*The data*
--*--

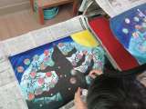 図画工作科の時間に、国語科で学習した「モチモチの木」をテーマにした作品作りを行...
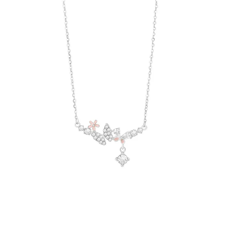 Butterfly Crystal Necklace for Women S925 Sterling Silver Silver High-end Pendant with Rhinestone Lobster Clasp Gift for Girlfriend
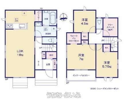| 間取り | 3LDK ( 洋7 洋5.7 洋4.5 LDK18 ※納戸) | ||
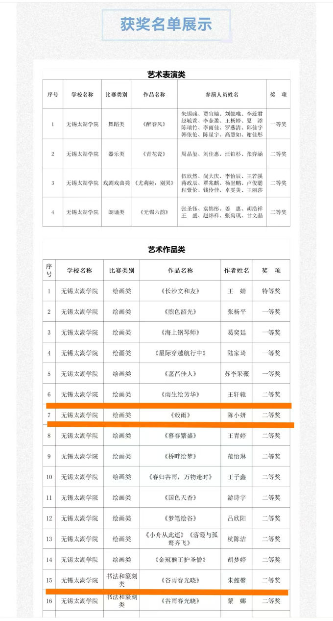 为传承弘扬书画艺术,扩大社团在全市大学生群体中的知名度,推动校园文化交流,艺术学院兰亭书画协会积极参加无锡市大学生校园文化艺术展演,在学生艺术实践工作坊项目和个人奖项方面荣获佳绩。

--*--

*Goal of the exercise*
Every line from the one bearing "Butterfly Crystal Necklace" through the end of the data above must be output exactly, and no picture may appear.

*Exercise solution*
 Butterfly Crystal Necklace for Women S925 Sterling Silver Silver High-end Pendant with Rhinestone Lobster Clasp Gift for Girlfriend
| 間取り | 3LDK ( 洋7 洋5.7 洋4.5 LDK18 ※納戸) | ||
 为传承弘扬书画艺术,扩大社团在全市大学生群体中的知名度,推动校园文化交流,艺术学院兰亭书画协会积极参加无锡市大学生校园文化艺术展演,在学生艺术实践工作坊项目和个人奖项方面荣获佳绩。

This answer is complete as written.